Menurut Presiden Jokowi, langkah BPK itu pun mendukung agar pengelolaan keuangan negara atas penanganan COVID-19 menjadi transparan, akuntabel dan efektif.
"Sebagaimana kita tahu, pandemi COVID-19 telah memaksa pemerintah dari pusat sampai daerah termasuk TNI/Polri, BUMN untuk melakukan langkah-langkah 'extraordinary' dalam menghadapi krisis kesehatan dan krisis perekonomian," ungkap Presiden.
Sejumlah contoh yang harus dikerjakan pemerintah misalnya mengevakuasi WNI dari wilayah pandemi; mempersiapkan rumah sakit, rumah isolasi, alat-alat kesehatan, obat-obatan dalam waktu yang sangat singkat; hingga menggerakkan seluruh aparat untuk mendisiplinkan masyarakat dalam menaati dan mengikuti protokol kesehatan.
"Semua itu harus dilakukan dengan 'extraordinary', cara yang tidak seperti biasanya, cara yang tidak standar. Semua harus dilakukan dengan cara yang cepat, dengan prosedur yang sederhana, yang 'short cut'," ujar Presiden.
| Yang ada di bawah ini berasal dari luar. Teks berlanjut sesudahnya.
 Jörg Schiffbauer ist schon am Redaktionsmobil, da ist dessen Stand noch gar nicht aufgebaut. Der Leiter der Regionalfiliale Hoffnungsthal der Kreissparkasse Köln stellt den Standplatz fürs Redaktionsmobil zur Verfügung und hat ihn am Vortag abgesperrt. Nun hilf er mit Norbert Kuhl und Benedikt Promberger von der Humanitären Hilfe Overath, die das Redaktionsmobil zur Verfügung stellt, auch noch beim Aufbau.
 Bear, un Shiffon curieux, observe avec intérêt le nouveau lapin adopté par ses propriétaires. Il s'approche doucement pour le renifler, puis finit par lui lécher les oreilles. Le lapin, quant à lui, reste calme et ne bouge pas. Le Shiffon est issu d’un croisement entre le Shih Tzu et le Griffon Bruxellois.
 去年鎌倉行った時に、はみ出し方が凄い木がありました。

Tujuan pelaksanaan semua tindakan itu adalah demi keselamatan masyarakat.
"Keselamatan masyarakat lebih penting dibanding prosedur yang berbelit-belit yang kita buat sendiri yang memang sudah waktunya harus kita rombak," kata Presiden.
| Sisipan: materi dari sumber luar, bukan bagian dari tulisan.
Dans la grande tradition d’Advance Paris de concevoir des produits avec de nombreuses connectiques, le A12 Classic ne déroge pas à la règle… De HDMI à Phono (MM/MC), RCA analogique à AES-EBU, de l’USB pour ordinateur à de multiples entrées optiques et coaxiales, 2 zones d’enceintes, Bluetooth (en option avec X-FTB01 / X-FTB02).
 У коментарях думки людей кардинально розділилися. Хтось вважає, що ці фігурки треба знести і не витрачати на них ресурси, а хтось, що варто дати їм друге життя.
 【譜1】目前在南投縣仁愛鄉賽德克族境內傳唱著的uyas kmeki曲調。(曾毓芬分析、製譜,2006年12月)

Upaya luar biasa pemerintah juga dilakukan di bidang perekonomian, bantuan sosial berupa penyaluran barang-barang kebutuhan pokok hingga bantuan sosial berupa uang tunai.
"Hal ini harus dilakukan untuk menyelamatkan masyarakat yang tiba-tiba menganggur, yang tiba-tiba tidak punya penghasilan. Bantuan untuk UMKM, subsidi gaji dan restrukturisasi kredit juga harus dilakukan secara cepat," ujar Presiden pula.
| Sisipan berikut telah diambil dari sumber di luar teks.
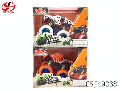 1:34Q版合金惯性四驱越野大轮带弹簧避震(狗/虎)动物车2款每款2色混装
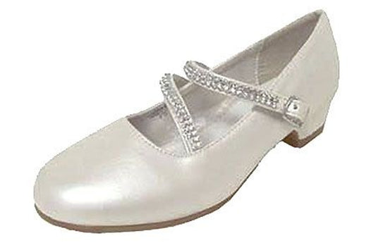 Girls Diamond Strap Flat Shoe - White Ivory Silver Black
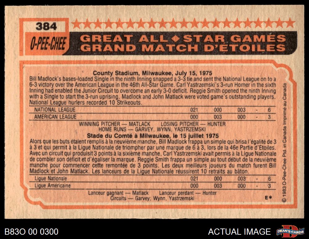 1983 O-Pee-Chee #384 All-Star
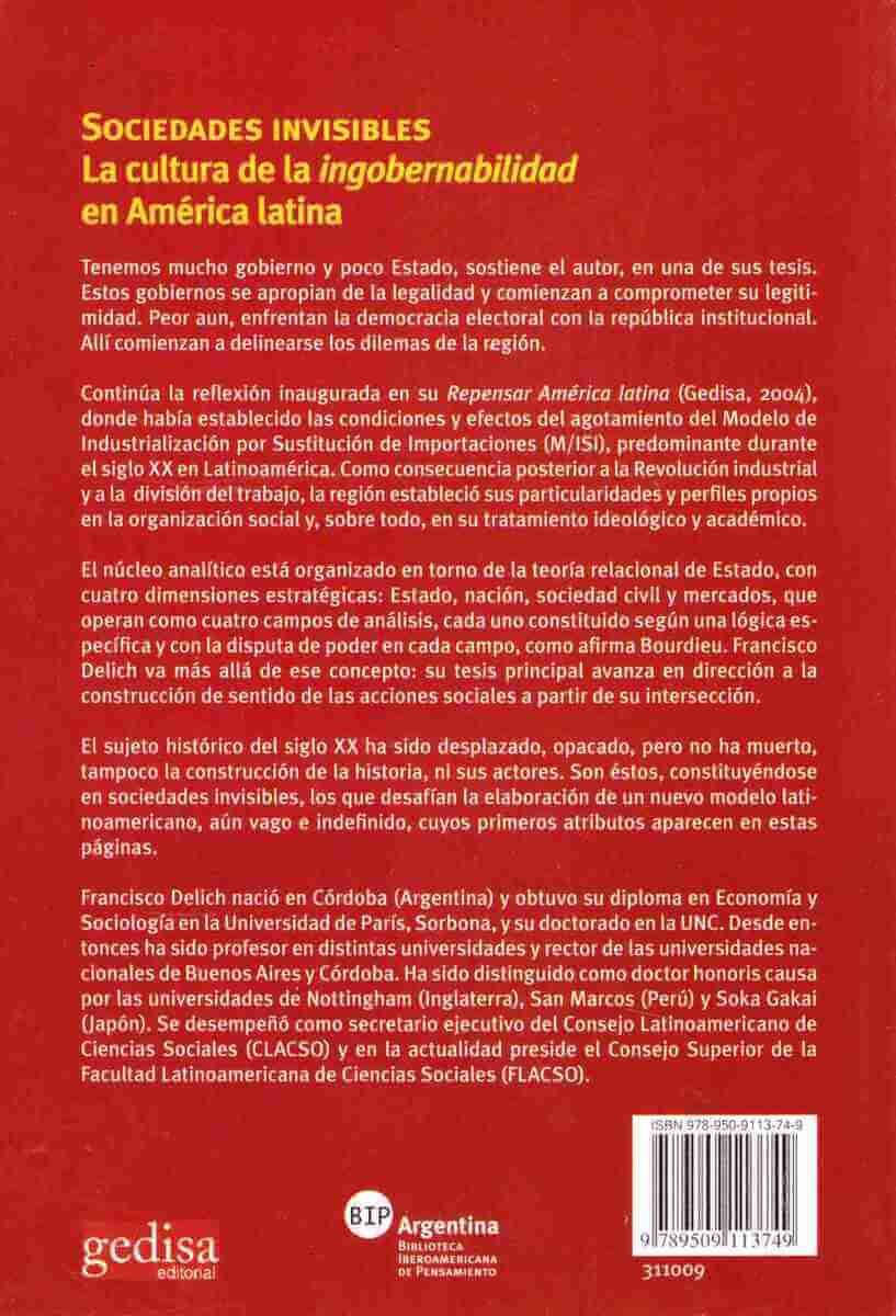 El sujeto histórico del siglo XX ha sido desplazado, opacado, pero no ha muerto, tampoco la construcción de la historia, ni sus actores. Son éstos, constituyéndose en sociedades invisibles, los que desafían la elaboración de un nuevo modelo latinoamericano, aún vago e indefinido, cuyos primeros atributos aparecen en estas páginas.
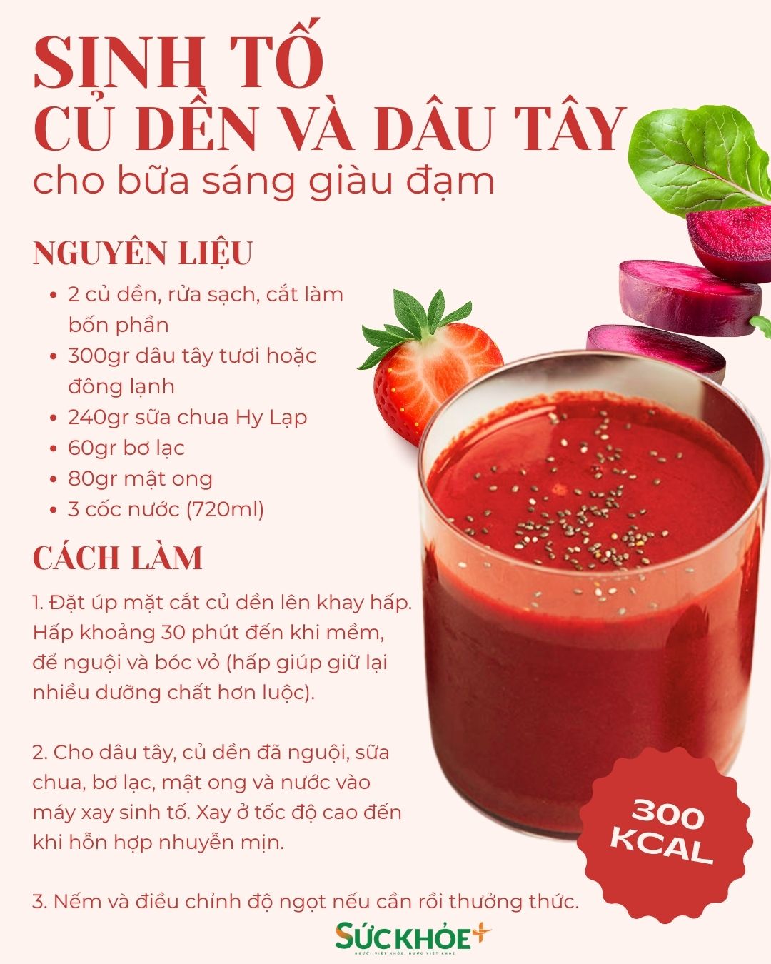 Sinh tố củ dền là lựa chọn phù hợp cho buổi sáng vì kết hợp carbohydrate dễ tiêu giúp cung cấp năng lượng cho vận động, vừa chứa protein hỗ trợ phục hồi cơ bắp.
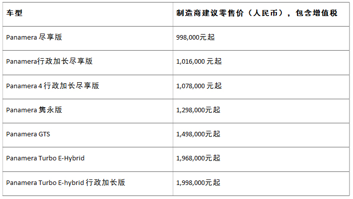 三款Panamera尽享版车型现已启动预售,并于4月初到店交付。
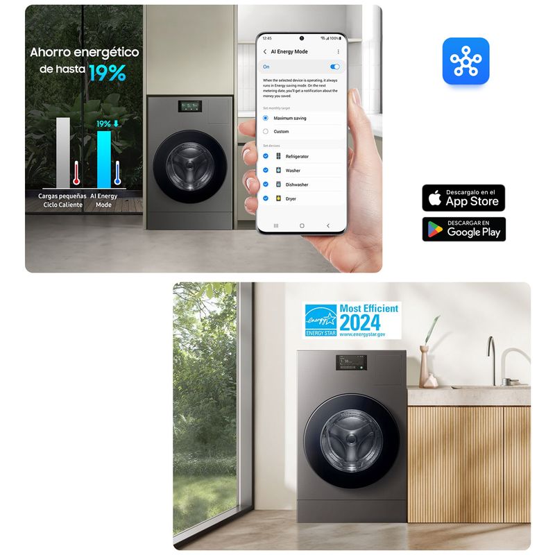 El modo de energía AI permite monitorear y reducir el consumo eléctrico. En ciertos ciclos, reduce el uso de energía en más del 19% manteniendo el mismo rendimiento, disminuyendo el uso del calentador y aumentando el tiempo del ciclo.
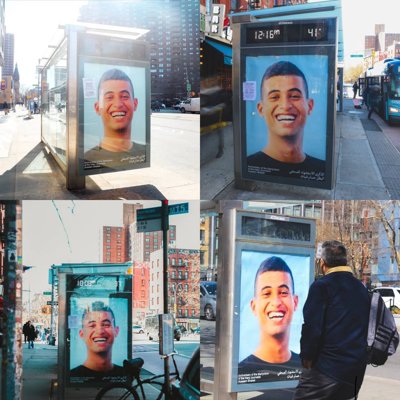 À l'occasion de l'"anniversaire" de son assassinat par Israël dans le nord de Gaza, des affiches rendant hommage au journaliste palestinien Hossam Shabat, âgé de 23 ans, ont été placardées dans les rues de New York.
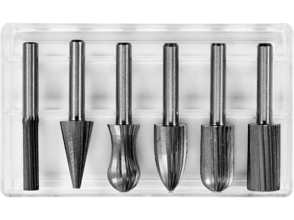 Sada 6 ks rašplí určených pro obrábění oceli a hliníku.

Lagi-lagi hal itu dilakukan agar perekonomian tidak semakin terpuruk dan kegiatan perekonomian masyarakat masih bisa berjalan.
"Semua itu saya tegaskan kembali berulang-ulang untuk menyamakan frekuensi bahwa kita memang dalam kondisi krisis. Pemerintah harus mengganti 'channel' kerja dari 'channel' yang biasa-biasa menjadi 'channel' yang luar biasa," kata Presiden.
Mengingat pandemi pun masih berlangsung, Pemerintah, menurut Presiden Jokowi juga masih butuh fleksibilitas dalam bekerja.
"Seperti juga kondisi dunia pada umumnya, kita masih butuh waktu untuk keluar dari kondisi ini, Pemerintah masih butuh fleksibilitas kerja dan kesederhanaan prosedur agar semua permasalahan bisa ditangani dengan cepat, tepat sasaran dan efisien," ungkap Presiden.
Menurut Ketua BPK Agung Firman Sampurna, sejumlah masalah yang sudah teridenfitikasi dalam penanganan COVID-19 adalah ketidakandalan data, kurang transparannya aparatur negara serta ragam bantuan sosial dari berbagai kementerian yang berbeda dengan tujuan yang sama, sehingga berisiko tumpang tindih.
"Pemeriksaan ini disebut pemeriksaan semesta atau 'audit universe'. Kami menyebut 'risk based comprehensive audit', dan Presiden pun dapat memperoleh hasil audit secara rutin setiap bulannya agar masalah tata kelola dan segala kedaruratannya bisa segera diawasi," kata Agung dalam sambutannya.